= Beginning of Section =

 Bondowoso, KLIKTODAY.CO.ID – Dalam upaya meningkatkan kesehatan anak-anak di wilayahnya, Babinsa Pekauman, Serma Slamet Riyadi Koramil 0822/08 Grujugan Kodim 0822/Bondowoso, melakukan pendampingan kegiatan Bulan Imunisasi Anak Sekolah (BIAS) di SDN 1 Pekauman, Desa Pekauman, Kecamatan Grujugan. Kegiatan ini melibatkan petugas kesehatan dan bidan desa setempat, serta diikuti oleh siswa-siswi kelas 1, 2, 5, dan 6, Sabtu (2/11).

= End of Section =
= Beginning of Section =

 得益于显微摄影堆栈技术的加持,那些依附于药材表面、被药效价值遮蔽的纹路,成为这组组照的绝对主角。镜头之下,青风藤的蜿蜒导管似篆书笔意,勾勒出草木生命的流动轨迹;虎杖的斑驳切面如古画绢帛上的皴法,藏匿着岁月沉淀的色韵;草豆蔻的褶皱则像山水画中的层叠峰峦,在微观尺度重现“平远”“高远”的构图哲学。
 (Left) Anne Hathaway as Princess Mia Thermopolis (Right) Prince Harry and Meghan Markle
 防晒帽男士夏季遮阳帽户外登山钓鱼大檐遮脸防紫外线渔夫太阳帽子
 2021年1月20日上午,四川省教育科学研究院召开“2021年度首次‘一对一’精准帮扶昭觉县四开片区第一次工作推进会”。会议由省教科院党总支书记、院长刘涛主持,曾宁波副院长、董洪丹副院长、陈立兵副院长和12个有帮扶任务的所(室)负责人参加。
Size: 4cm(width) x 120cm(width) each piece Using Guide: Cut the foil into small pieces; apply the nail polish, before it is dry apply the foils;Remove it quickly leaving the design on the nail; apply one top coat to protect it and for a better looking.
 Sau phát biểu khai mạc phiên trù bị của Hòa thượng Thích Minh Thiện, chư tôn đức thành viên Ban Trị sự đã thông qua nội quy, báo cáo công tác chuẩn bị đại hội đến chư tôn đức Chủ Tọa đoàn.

= End of Section =

> **Task statement**: The range runs from the line with "(Left) Anne Hathaway" up to and including the line with "Size: 4cm(width) x" in the listing above; please write out exactly those lines and nothing more.

> **Solved exercise**:
 (Left) Anne Hathaway as Princess Mia Thermopolis (Right) Prince Harry and Meghan Markle
 防晒帽男士夏季遮阳帽户外登山钓鱼大檐遮脸防紫外线渔夫太阳帽子
 2021年1月20日上午,四川省教育科学研究院召开“2021年度首次‘一对一’精准帮扶昭觉县四开片区第一次工作推进会”。会议由省教科院党总支书记、院长刘涛主持,曾宁波副院长、董洪丹副院长、陈立兵副院长和12个有帮扶任务的所(室)负责人参加。
Size: 4cm(width) x 120cm(width) each piece Using Guide: Cut the foil into small pieces; apply the nail polish, before it is dry apply the foils;Remove it quickly leaving the design on the nail; apply one top coat to protect it and for a better looking.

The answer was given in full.